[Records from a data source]
◆ ◆ ◆ ◆

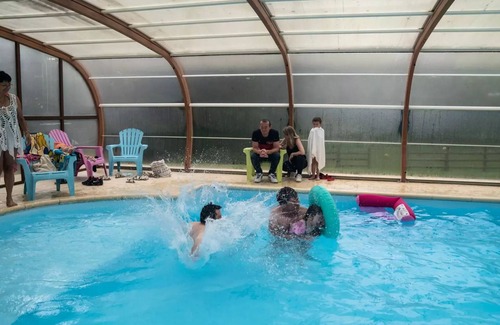 Yes, this Roulotte Gîte 5 persons has a swimming pool. Check the Facility Overview section for details about the pool and other available facilities.
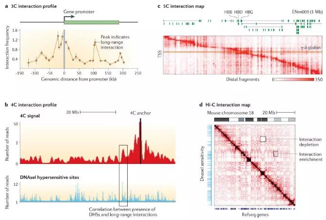 基于3C及衍生技術(shù),克服了成像技術(shù)的缺點(diǎn),能夠以足夠的分辨率在全基因組范圍內(nèi)研究染色體折疊,以及涉及的基因和調(diào)控元件。詳細(xì)介紹見上述實(shí)驗(yàn)技術(shù)——染色質(zhì)構(gòu)象捕獲及其衍生技術(shù)。
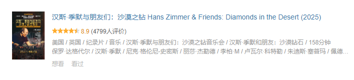 《漢斯·季默與朋友們:沙漠之鉆》在豆瓣評分高達8.9分,但上映首日全國排片占比僅0.4%,且仍在下降中。
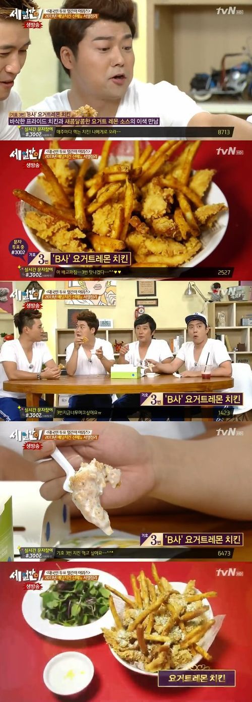 특히 전현무는 “치킨을 요거트에 듬뿍 찍어 먹어봐라. 맛이 정말 신기하다”라며 “새콤달콤한 레몬 요거트라서 여성분들이 좋아할 것 같다”고 추천했다. 이어 이수근은 “맛이 새콤달콤하다. 요거트 소스가 치킨의 느끼한 맛을 모두 잡아준다”고 평가했고, 은지원은 “케이준 치킨 샐러드에 샐러드만 빠진 맛이다”고 설명했다.
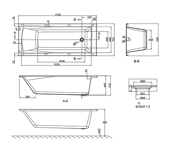 - 10mm diameter steel reinforcing rod runs inside the bath rims.

◆ ◆ ◆ ◆

> _Aim of the task_
Set down all the entries exactly as they appear, but skip any pictures.

> _Answer for the task_
 Yes, this Roulotte Gîte 5 persons has a swimming pool. Check the Facility Overview section for details about the pool and other available facilities.
 基于3C及衍生技術(shù),克服了成像技術(shù)的缺點(diǎn),能夠以足夠的分辨率在全基因組范圍內(nèi)研究染色體折疊,以及涉及的基因和調(diào)控元件。詳細(xì)介紹見上述實(shí)驗(yàn)技術(shù)——染色質(zhì)構(gòu)象捕獲及其衍生技術(shù)。
 《漢斯·季默與朋友們:沙漠之鉆》在豆瓣評分高達8.9分,但上映首日全國排片占比僅0.4%,且仍在下降中。
 특히 전현무는 “치킨을 요거트에 듬뿍 찍어 먹어봐라. 맛이 정말 신기하다”라며 “새콤달콤한 레몬 요거트라서 여성분들이 좋아할 것 같다”고 추천했다. 이어 이수근은 “맛이 새콤달콤하다. 요거트 소스가 치킨의 느끼한 맛을 모두 잡아준다”고 평가했고, 은지원은 “케이준 치킨 샐러드에 샐러드만 빠진 맛이다”고 설명했다.
 - 10mm diameter steel reinforcing rod runs inside the bath rims.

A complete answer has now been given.